» Work to complete
For this exercise, the lines from the one with "成为股东后，每年都有股份分红" through the end of the material below must be output exactly, without pictures.

» Information given

-------------------------

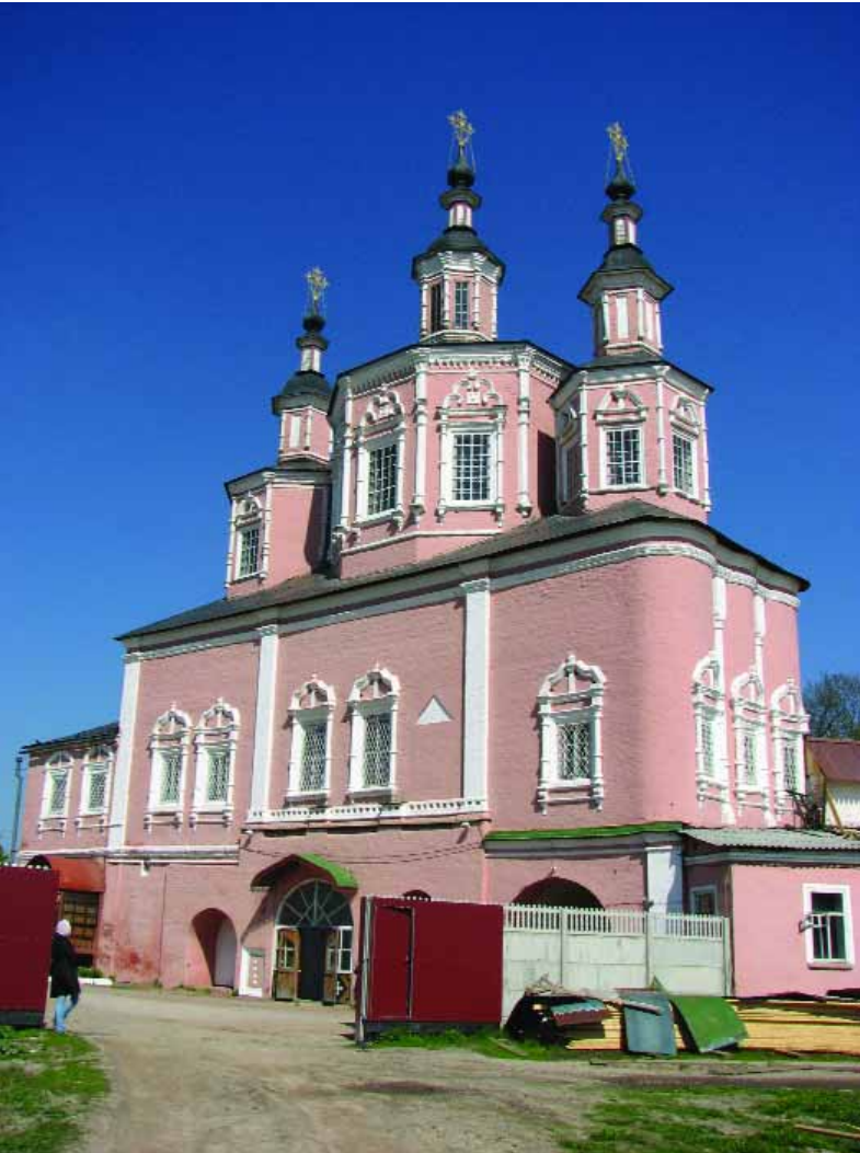
Стрітенська церква Свенського монастиря. Вигляд з південного сходу
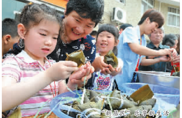
幸福转身 幸福新生活

成为股东后，每年都有股份分红，但为了让更多人重新就业，该街道通过开展就业培训、举办招聘会等形式，引导被征地农民适应新生活。通过加快创业帮扶、推行“两权一房”抵押贷款等措施，一些被征地农民办工厂、开小店，实现了自主创业。
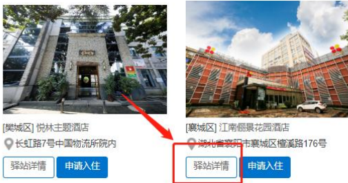
人才驿站列表界面
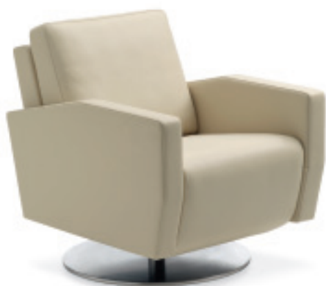
1040 LENIS Fauteuil Nevada sand, Tellerfuss chrom gebürstet
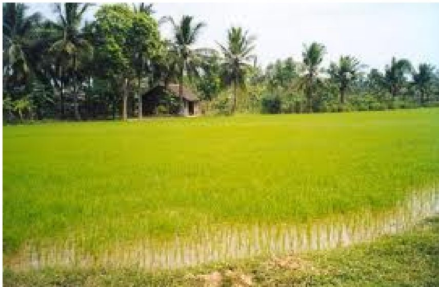
Hình 1.9. Vùng đồng bằng sông Cửu Long
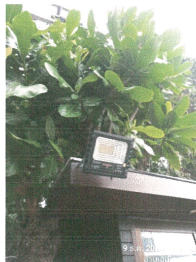
รูปภาพที่ 2.12 ไฟฟ้าส่องสว่างทางเข้า-ออกโครงการ
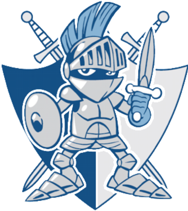
Escuderos (Grados K-5º)
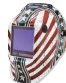
VIKING™ 3350 Daredevil™
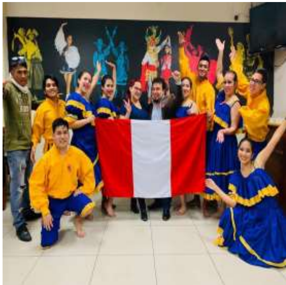
Foto capturada en la presentación artística de los estudiantes miembros del Taller de Danza en la Asociación Cultural Brisas del Titicaca - Lima.
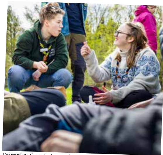
Demokratiworkshop på Lovön.
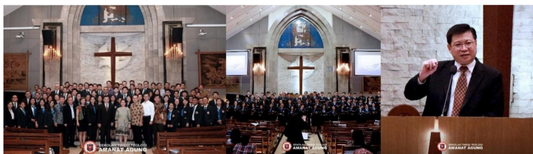
Gambar 8: Minggu STT Amanat Agung
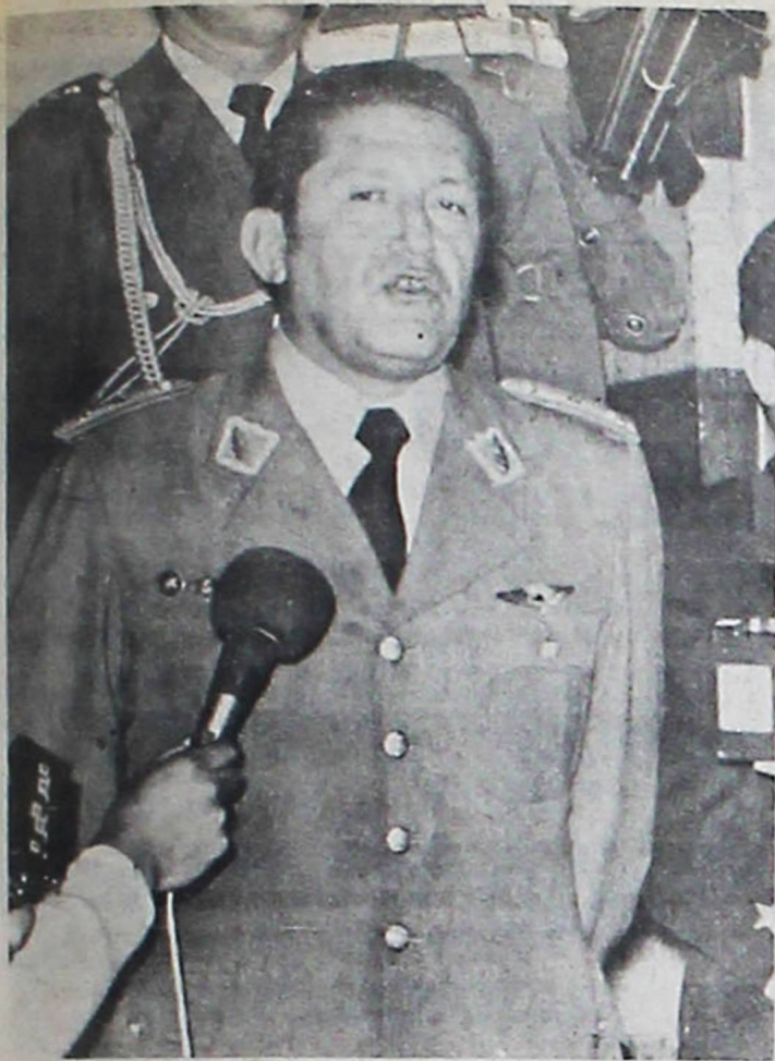
Después de reunirse con su gabinete para evaluar la situación tras aplicarse los correctivos económicos, el Presidente García Meza recibió hoy el apoyo de los choferes.
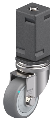
Roulette pivotante correspondante LRXA-TPA 50KFD-EXV07
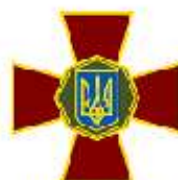
Національна гвардія України
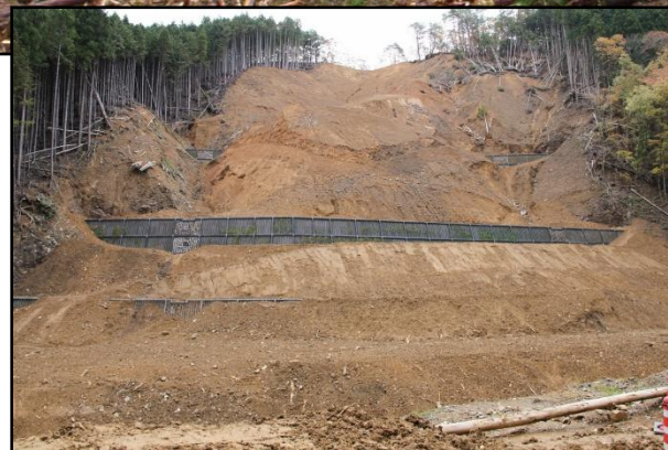
鋼製砕土留工 完成状況
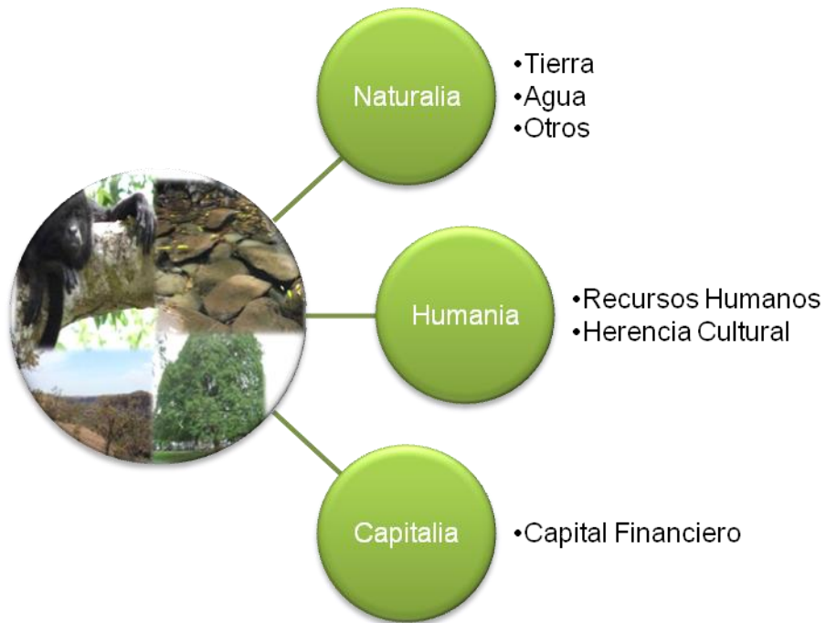
Fig. 3. Factores turísticos del casco antiguo de la Ciudad de Liberia
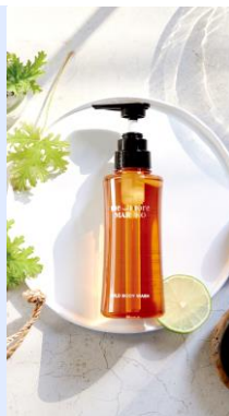
me_more MARUKO シリーズ
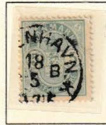
Pos. A 71
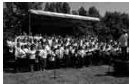
Dunakanyar mesterdalnokai közel háromszázan
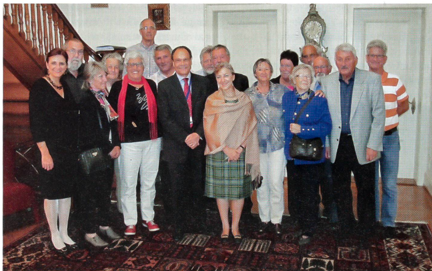
Der UOV Zürich beim Schweizer Botschafter mit Nationalrätin Doris Fiala (links).

-------------------------

» Answer area
成为股东后，每年都有股份分红，但为了让更多人重新就业，该街道通过开展就业培训、举办招聘会等形式，引导被征地农民适应新生活。通过加快创业帮扶、推行“两权一房”抵押贷款等措施，一些被征地农民办工厂、开小店，实现了自主创业。
人才驿站列表界面
1040 LENIS Fauteuil Nevada sand, Tellerfuss chrom gebürstet
Hình 1.9. Vùng đồng bằng sông Cửu Long
รูปภาพที่ 2.12 ไฟฟ้าส่องสว่างทางเข้า-ออกโครงการ
Escuderos (Grados K-5º)
VIKING™ 3350 Daredevil™
Foto capturada en la presentación artística de los estudiantes miembros del Taller de Danza en la Asociación Cultural Brisas del Titicaca - Lima.
Demokratiworkshop på Lovön.
Gambar 8: Minggu STT Amanat Agung
Después de reunirse con su gabinete para evaluar la situación tras aplicarse los correctivos económicos, el Presidente García Meza recibió hoy el apoyo de los choferes.
Roulette pivotante correspondante LRXA-TPA 50KFD-EXV07
Національна гвардія України
鋼製砕土留工 完成状況
Fig. 3. Factores turísticos del casco antiguo de la Ciudad de Liberia
me_more MARUKO シリーズ
Pos. A 71
Dunakanyar mesterdalnokai közel háromszázan
Der UOV Zürich beim Schweizer Botschafter mit Nationalrätin Doris Fiala (links).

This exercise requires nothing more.